Some pipes programs add and subtract columns from the dataset, in which
case, they must alter the descriptor file appropriately.

By convention, descriptor files on disk have a .des extension.

By convention, raw pipes data on disk have the extension of the
appropriate descriptor file, so for instance, a dataset that follows the
div38.des format will have a .div38 extension.

By convention, a dataset on disk that has an ascii descriptor file
prepended has a .pipe extension.

4. Pipes Front Ends

Use divdata to funnel Diviner RDR data into pipes programs, instead of using the "cat" method below.

There are two ways to get data into the pipes software. If the data is
already on disk in pipes binary format, then it's sufficient to just
read in the data using the unix < standard input, or use the unix cat
tool to read and glob files.
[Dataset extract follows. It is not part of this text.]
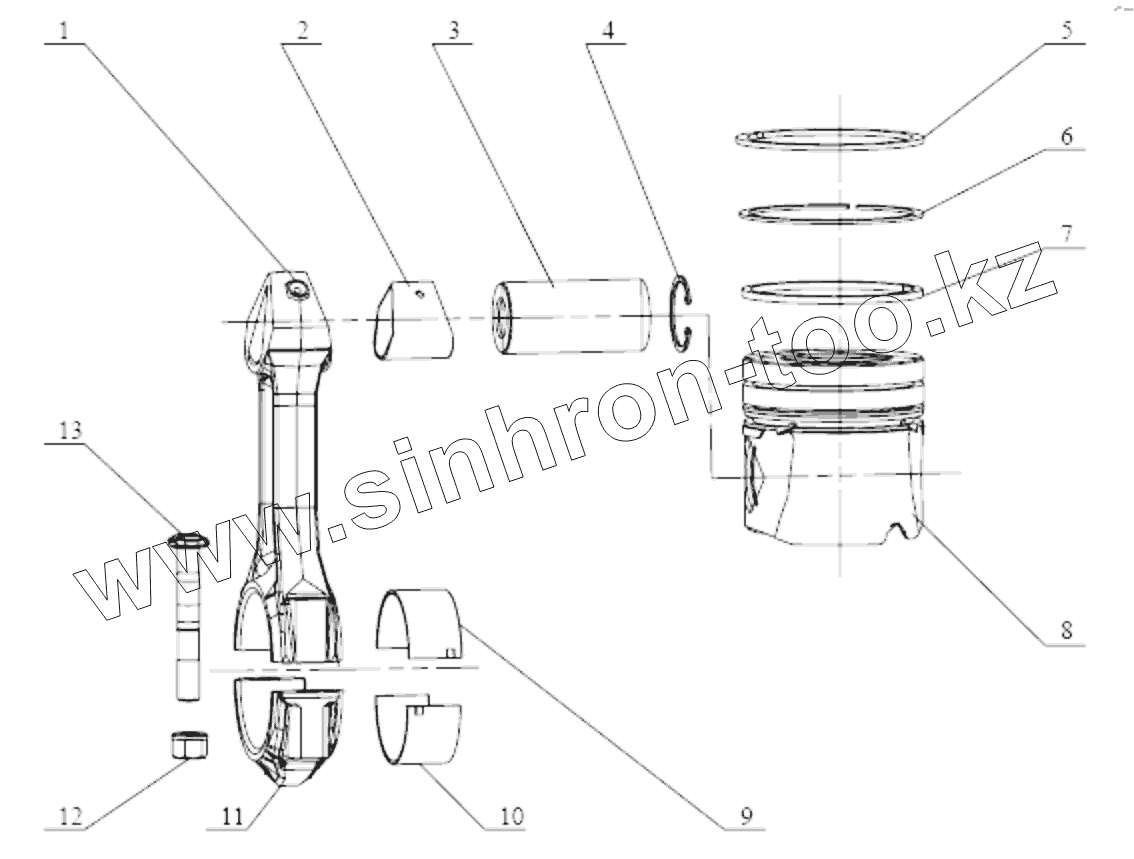 Каталог запасных частей к технике: FAW CA4DF3-13E3. Поршень и шатун

Using cat is particularly powerful because
you can use it to get multiple files into the pipes, i.e.

cat /d1/marks/div38/c/*.c9.div38 | ...

will get you a lot of data.

The second way to get data into the pipes is to read it from an ascii
flat file using the pipes tool pread. To read in the following data
from the file mydata.txt into the pipes:

1 50 200 4
44 24 35 16
52 33 108 16

you would first construct a descriptor file called data.des

'data.des descriptor file'
'lat' 'latitude'
'lon' 'longitude'
'tb' 'brightness temperature'
'qual' 'data quality'

Then, you would use pread to read in the data:

pread des=data.des < mydata.txt | ....

pread by default expects you to supply a descriptor file that tells
pread what to read. pread uses fortran list directed input, which is
fairly powerful and fast. Ascii files can be tab, space or comma
delimited. You can optionally supply a format statement for fixed format
ascii data that may improve reading speed. pread will bomb if it
encounters weird character or binary data.

5. Pipes processing tools

We have created an array of simple but useful pipes processing tools. A
good example is pcons, which constrains out data going through the
pipes. Let's say, from the previous example that we wanted to get a
subset of the data from the previous example, we would say:

pread des=data.des < mydata.txt | pcons lat=-20.,50 tb=200,250 | ...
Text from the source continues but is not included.